Spent some time watching the Dare Devil series on Netflix this last weekend. Several of my friends had told me about it and I kept seeing comments on Facebook about how good the show was and how awesome the fight scenes were.
From the beginning I was interested. I like dark stuff like that and I’m certainly attracted to a hero that uses martial arts as his main way to fight crime.
On top of all of that, I’m fascinated by the ability of a blind person to actually sense where somebody else is.
When I was training to go to the National Tournament, years ago, I remember working on “Chi Sao” or sticky hands, and after working with a partner for months, you can close your eyes for a few minutes at a time and you can sense where the other’s hands are and when blows are coming.
This is not a supernatural skill. This is just the way our brain and senses work.
So having a hero who has developed this skill to an extreme sounded very appealing to me.
I had also seen the movie with Ben Afflec and found it to be awful. Somehow I was hoping this show would redeem the franchise.
It started out well. But after seeing the first two episodes I wasn’t hooked.
I guess I’ve become very demanding when it comes to television programs. There’s so many choices out there that I can’t really waste my time with something that doesn’t hook me from the beginning.
I found the scenes to be a little too long. Characters talking for extended periods of time, trying to explain stuff I didn’t really care about. Plus the scenes were so winded sometimes, I lost track of what it was about in the first place.
The acting is pretty good. And the writing had its moments.
When the time came for Dare Devil to fight I thought the choreography was clean and exciting and that the stunts were well done.
The filmmakers were also trying to give it some veracity by recording some of the scenes in long uninterrupted shots. I thought that the impulse was great. But then they didn’t match the actions of the character with the style they were trying to portray.
The first movie that came to mind that did this was the Korean movie “Old Boy” which I have mentioned on other posts on this blog.
In “Old Boy” you also have long scenes were the character is fighting multiple opponents. But in that case, you can see the character getting more and more tired and the technique getting sloppy.
In the case of Dare Devil, the scene takes place during an episode in which our hero has been on a couch for 80% of it. He’s been hurt and his lung has collapsed. He can hardly walk.
Then he tracks down these gangsters and has a fight with maybe ten people.
I didn’t mind that he’s tough and can get up and go fight. However, during the fight, he’s using spinning techniques and jump kicks and things that only a fresh man would use – certainly not somebody who’s in pain.
So I was a little disappointed by the execution of something that I thought could have been a pretty cool scene.
Still, my girlfriend and I gave it a second chance. We sat down the other night and watched a few more episodes.
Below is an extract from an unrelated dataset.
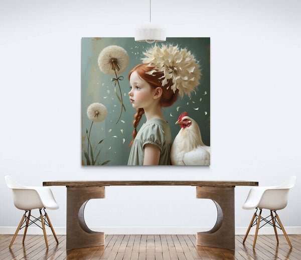 Dit kunstwerk vangt een moment van verstilling vol symboliek. Een roodharig meisje staat zijwaarts, met een majestueuze bloemkroon van paardenbloemzaadjes in haar haar. Op haar schouder zit een witte kip, als zachte metgezel. Losse pluisjes dwarrelen als verstrooide gedachten door de lucht.

I have to be honest…it lost me again. I don’t know if it’s the dialogue or the lack of a meaningful plot line, but I’m just not being hooked. I can turn away from it too quickly.
Still, I’m willing to give it another chance. At the end of the last episode, a man commits suicide by impaling himself through the eye with a spike. I thought that was pretty cool, as far a suicides go.
They also introduced the character of the arch-villain, played by Vincent D’onofrio. I love him. I think he’s a hell of an actor. So I’m willing to see where this goes.
A few weeks ago I learned that Netflix picked up the show for a second season but that the showrunners had been replaced. For those of you that don’t know what a showrunner is, this is the person that makes all decisions on the show, the person in charge of the creative choices.
So I’m curious about what the new guys will do with it.